(Extracted records)
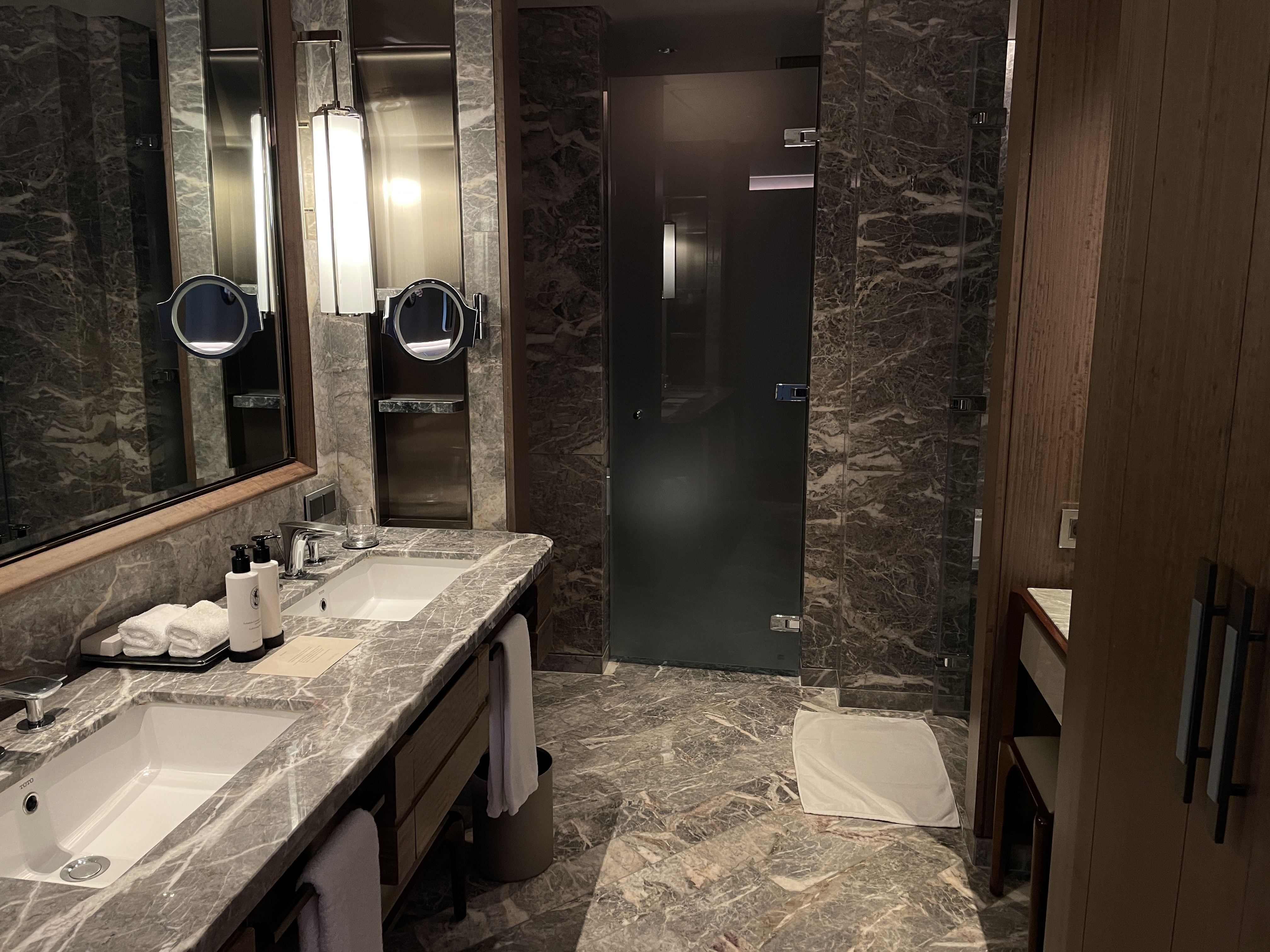 여기는 욕실입니다. 대리석된 인테리어가 욕실은 한층 더 고급스럽게 보이게 합니다.
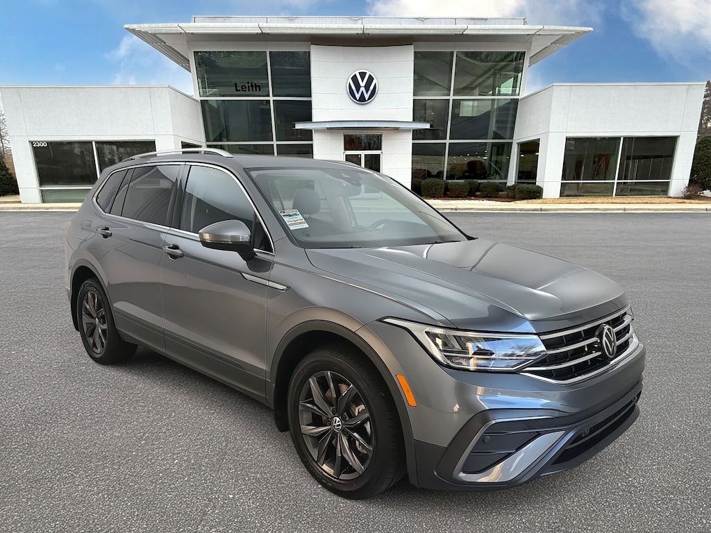 New Price! Certified. Platinum Gray Metallic 2023 Volkswagen Tiguan 2.0T SE AWD 8-Speed Automatic with Tiptronic 2.0L TSI DOHC AWD, Exterior Parking Camera Rear, Fully automatic headlights, Heated door mirrors, Heated Front Comfort Seats, Illuminated entry, Perforated V-Tex Leatherette Seating Surfaces, Power Liftgate, Radio: MIB3 Composition Media AM/FM/HD, Rain sensing wipers, Wheels: 18" Dark Graphite Painted 10-Spoke Alloy.
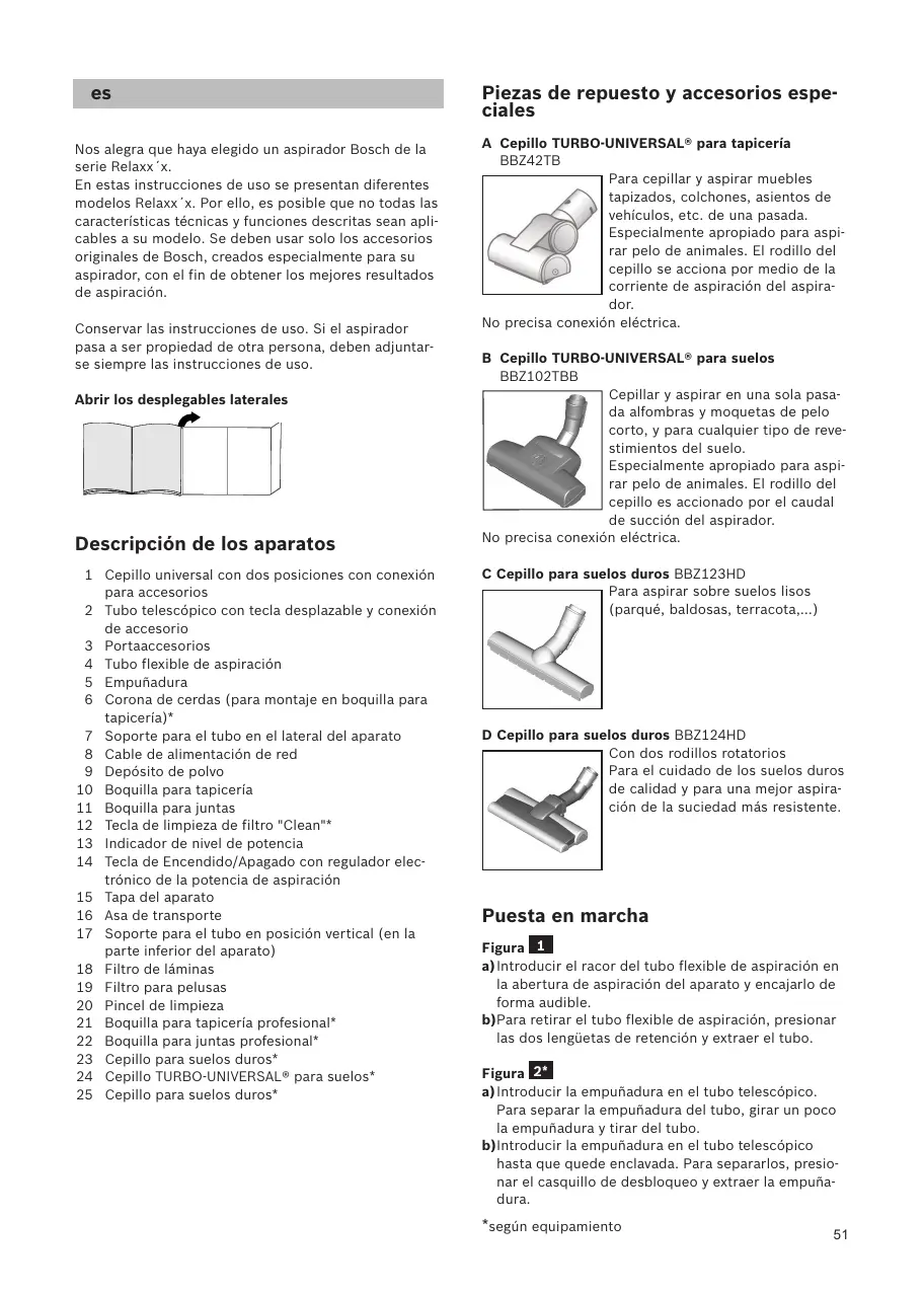 Nos alegra que haya elegido un aspirador Bosch de la serie Relaxx´x. En estas instrucciones de uso se presentan diferentes modelos Relaxx´x. Por ello, es posible que no todas las características técnicas y funciones descritas sean aplicables a su modelo. Se deben usar solo los accesorios originales de Bosch, creados especialmente para su aspirador, con el fin de obtener los mejores resultados de aspiración. Conservar las instrucciones de uso. Si el aspirador pasa a ser propiedad de otra persona, deben adjuntarse siempre las instrucciones de uso. Abrir los desplegables laterales
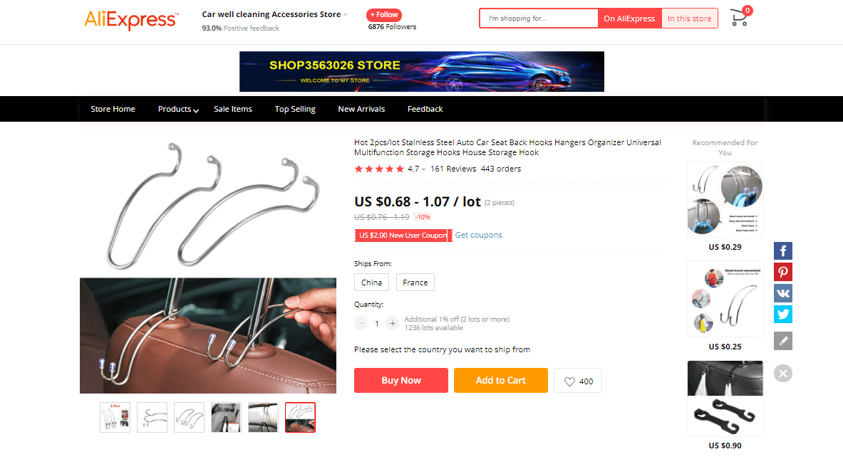 AliExpress find: price – $0.68-1.07, rating – 4.7*, number of orders – 443
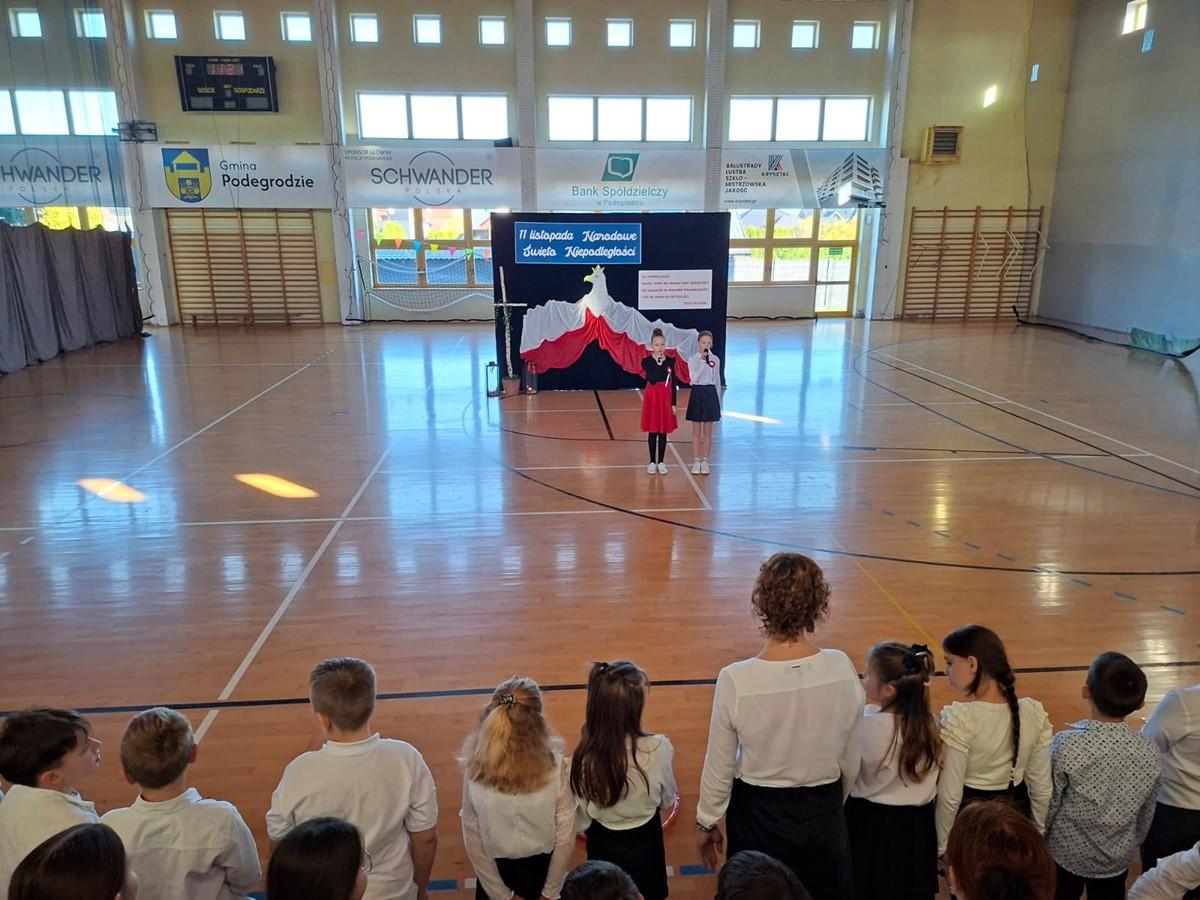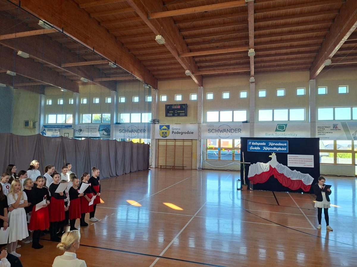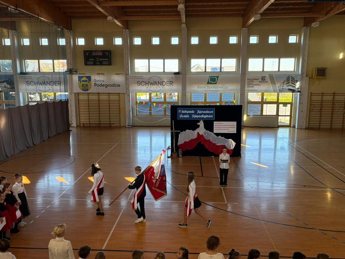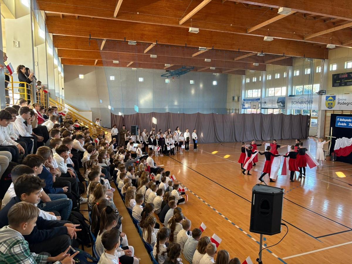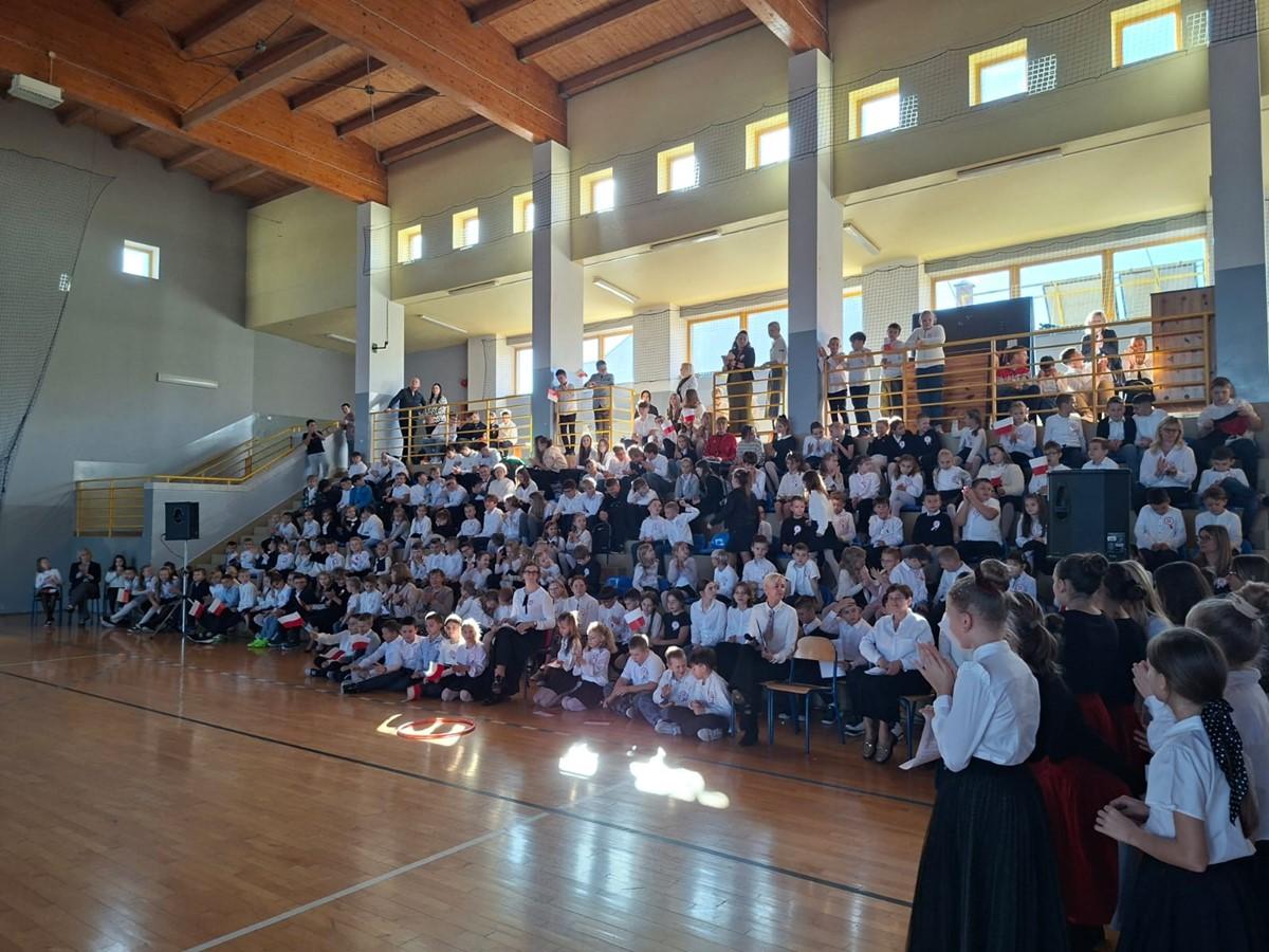 7 listopada w naszej szkole odbyła się akademia upamiętniająca Narodowe Święto Niepodległości. Uroczystość miała podniosły charakter — uczniowie, odświętnie ubrani, z uwagą wsłuchiwali się w słowa przybliżające historię odzyskania niepodległości przez Polskę.

What is needed:
Starting at the first line of the data, set down each line exactly until you have copied the line with "New Price! Certified.", but leave the pictures out.

Response below:
 여기는 욕실입니다. 대리석된 인테리어가 욕실은 한층 더 고급스럽게 보이게 합니다.
 New Price! Certified. Platinum Gray Metallic 2023 Volkswagen Tiguan 2.0T SE AWD 8-Speed Automatic with Tiptronic 2.0L TSI DOHC AWD, Exterior Parking Camera Rear, Fully automatic headlights, Heated door mirrors, Heated Front Comfort Seats, Illuminated entry, Perforated V-Tex Leatherette Seating Surfaces, Power Liftgate, Radio: MIB3 Composition Media AM/FM/HD, Rain sensing wipers, Wheels: 18" Dark Graphite Painted 10-Spoke Alloy.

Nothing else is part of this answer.